Problem details: Work through the entries below and show every line in which "blue" is found.

Provided records:

________

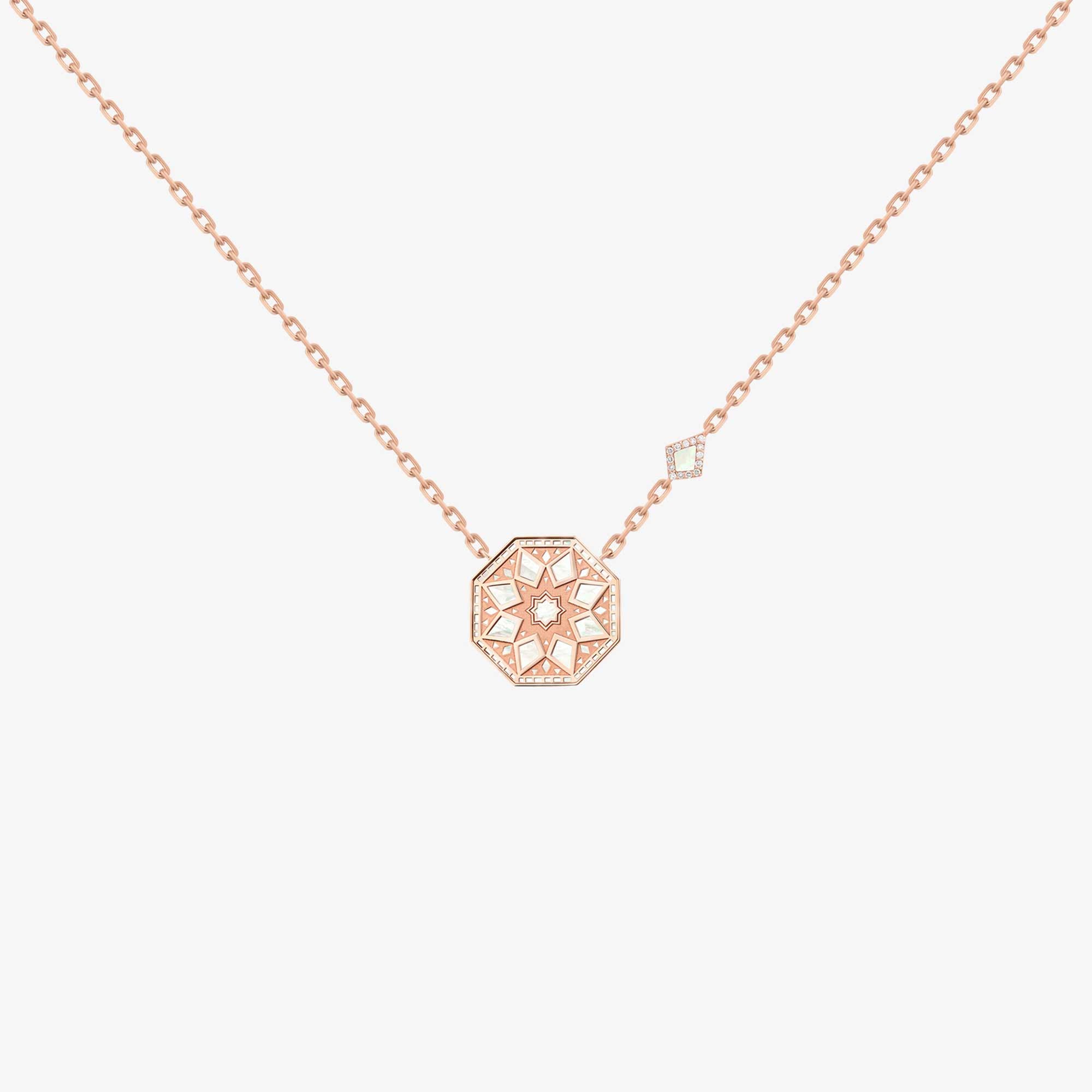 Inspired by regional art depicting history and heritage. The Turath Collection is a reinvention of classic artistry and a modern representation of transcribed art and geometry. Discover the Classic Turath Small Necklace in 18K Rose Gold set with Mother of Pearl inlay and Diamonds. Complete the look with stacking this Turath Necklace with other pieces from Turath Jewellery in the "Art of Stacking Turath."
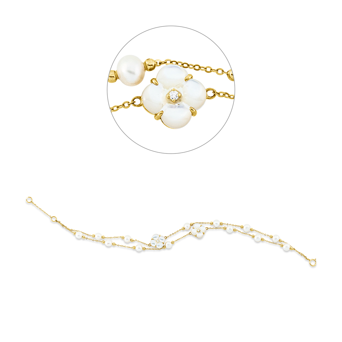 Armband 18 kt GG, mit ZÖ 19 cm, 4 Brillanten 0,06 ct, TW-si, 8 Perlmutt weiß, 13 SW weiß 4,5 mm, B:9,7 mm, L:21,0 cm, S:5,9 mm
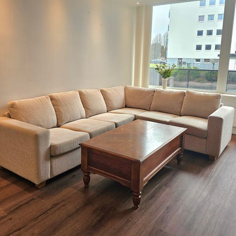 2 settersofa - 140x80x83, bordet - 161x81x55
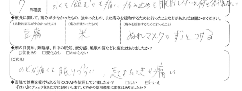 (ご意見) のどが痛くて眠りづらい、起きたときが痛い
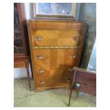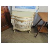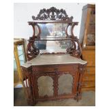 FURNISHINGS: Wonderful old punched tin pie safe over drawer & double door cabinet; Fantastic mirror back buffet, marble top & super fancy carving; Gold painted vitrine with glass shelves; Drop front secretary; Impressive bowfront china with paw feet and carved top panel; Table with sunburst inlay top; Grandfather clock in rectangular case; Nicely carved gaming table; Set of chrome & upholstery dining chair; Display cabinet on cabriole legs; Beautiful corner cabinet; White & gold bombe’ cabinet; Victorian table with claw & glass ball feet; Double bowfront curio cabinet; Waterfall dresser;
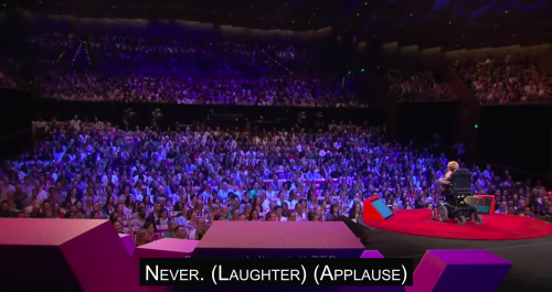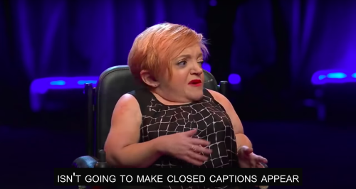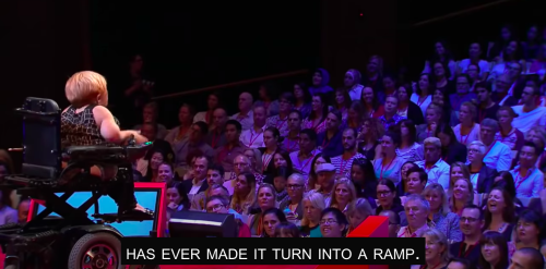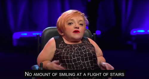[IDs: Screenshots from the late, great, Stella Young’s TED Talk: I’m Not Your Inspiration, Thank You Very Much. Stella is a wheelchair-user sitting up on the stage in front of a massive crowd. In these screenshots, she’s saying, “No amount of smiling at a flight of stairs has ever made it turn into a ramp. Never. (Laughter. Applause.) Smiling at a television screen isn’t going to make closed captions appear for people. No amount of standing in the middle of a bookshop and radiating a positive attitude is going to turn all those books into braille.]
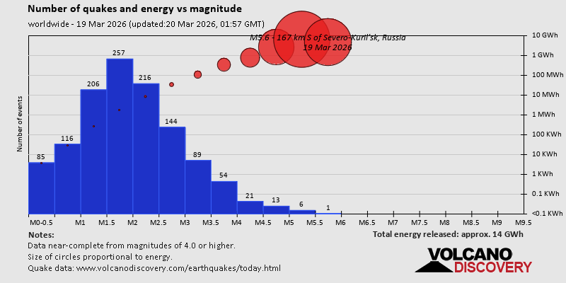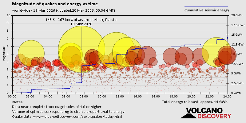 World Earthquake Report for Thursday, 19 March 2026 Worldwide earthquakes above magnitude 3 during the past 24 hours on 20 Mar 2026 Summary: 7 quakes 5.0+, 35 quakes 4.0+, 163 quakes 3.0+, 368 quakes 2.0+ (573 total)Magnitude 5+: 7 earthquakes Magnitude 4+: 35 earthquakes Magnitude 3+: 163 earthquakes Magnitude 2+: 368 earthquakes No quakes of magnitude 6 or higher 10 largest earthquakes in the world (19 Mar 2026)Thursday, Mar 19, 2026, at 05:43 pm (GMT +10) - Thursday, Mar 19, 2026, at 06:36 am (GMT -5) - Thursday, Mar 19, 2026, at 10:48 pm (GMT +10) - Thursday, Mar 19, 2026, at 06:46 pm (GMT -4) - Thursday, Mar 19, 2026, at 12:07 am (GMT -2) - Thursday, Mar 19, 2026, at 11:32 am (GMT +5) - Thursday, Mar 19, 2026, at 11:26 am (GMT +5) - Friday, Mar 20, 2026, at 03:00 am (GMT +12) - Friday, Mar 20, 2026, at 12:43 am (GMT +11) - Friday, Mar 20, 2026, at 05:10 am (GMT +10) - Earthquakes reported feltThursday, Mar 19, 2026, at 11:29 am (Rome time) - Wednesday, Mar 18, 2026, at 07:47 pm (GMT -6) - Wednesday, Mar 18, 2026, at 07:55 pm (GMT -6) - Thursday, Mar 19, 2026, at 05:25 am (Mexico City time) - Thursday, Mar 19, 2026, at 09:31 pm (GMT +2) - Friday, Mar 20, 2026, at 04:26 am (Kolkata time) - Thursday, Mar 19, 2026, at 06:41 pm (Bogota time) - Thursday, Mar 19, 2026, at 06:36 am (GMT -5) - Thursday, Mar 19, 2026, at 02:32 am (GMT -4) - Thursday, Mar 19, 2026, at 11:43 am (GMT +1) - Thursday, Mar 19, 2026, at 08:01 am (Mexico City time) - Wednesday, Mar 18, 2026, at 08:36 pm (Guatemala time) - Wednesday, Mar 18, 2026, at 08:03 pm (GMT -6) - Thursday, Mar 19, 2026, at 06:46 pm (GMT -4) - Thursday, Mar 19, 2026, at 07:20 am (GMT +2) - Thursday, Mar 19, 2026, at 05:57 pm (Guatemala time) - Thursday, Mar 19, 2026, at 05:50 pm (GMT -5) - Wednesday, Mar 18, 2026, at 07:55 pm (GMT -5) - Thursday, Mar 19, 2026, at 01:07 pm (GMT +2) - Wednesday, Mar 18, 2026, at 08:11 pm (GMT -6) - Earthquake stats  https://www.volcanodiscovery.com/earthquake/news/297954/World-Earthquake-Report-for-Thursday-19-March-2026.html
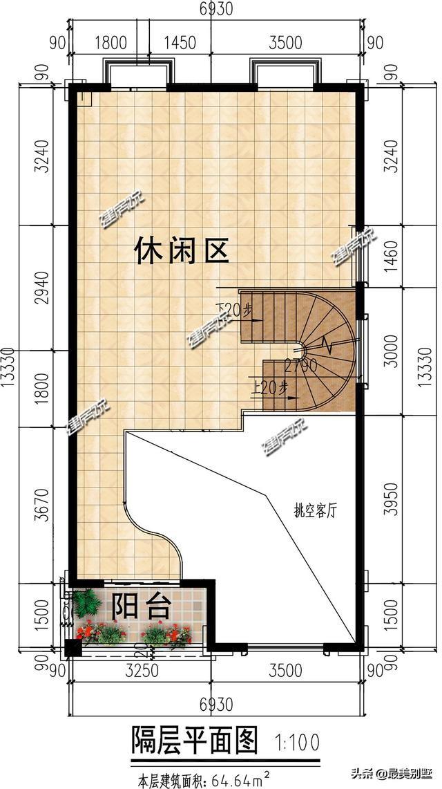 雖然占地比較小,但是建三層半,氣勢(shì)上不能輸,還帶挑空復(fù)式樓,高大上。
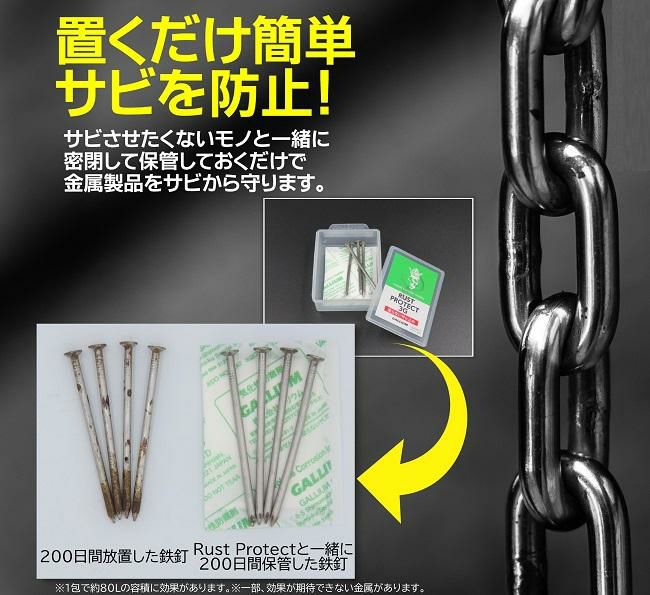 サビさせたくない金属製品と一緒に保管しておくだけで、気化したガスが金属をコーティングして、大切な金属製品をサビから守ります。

________

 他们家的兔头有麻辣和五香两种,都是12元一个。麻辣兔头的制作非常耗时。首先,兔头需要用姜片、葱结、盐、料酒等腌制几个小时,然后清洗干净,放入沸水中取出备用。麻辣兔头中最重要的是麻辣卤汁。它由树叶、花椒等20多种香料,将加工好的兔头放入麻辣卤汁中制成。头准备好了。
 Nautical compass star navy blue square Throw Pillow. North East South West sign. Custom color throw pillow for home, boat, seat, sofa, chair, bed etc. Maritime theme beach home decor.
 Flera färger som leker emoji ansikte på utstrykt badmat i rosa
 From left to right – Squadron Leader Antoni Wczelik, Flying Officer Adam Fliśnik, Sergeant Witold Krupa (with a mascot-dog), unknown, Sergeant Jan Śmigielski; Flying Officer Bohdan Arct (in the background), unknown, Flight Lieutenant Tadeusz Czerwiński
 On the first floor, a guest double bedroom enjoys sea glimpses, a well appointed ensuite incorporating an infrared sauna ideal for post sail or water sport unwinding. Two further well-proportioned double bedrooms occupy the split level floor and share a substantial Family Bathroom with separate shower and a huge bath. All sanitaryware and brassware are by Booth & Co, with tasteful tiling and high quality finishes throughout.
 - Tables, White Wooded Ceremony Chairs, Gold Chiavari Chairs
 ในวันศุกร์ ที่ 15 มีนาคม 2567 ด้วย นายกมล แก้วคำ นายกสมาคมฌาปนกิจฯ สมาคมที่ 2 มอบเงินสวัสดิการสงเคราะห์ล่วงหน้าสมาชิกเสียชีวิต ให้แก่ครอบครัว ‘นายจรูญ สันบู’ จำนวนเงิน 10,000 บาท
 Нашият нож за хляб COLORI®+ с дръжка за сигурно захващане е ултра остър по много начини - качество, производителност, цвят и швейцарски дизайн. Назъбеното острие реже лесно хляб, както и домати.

________

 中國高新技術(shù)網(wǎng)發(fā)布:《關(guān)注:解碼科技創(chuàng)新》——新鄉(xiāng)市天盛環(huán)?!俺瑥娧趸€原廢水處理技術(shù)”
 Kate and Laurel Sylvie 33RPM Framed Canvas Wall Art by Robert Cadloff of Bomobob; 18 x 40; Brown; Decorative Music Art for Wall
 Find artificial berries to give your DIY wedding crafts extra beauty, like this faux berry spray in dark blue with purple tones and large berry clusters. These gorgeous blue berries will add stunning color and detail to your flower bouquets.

________

Written solution:
 Nautical compass star navy blue square Throw Pillow. North East South West sign. Custom color throw pillow for home, boat, seat, sofa, chair, bed etc. Maritime theme beach home decor.
 Find artificial berries to give your DIY wedding crafts extra beauty, like this faux berry spray in dark blue with purple tones and large berry clusters. These gorgeous blue berries will add stunning color and detail to your flower bouquets.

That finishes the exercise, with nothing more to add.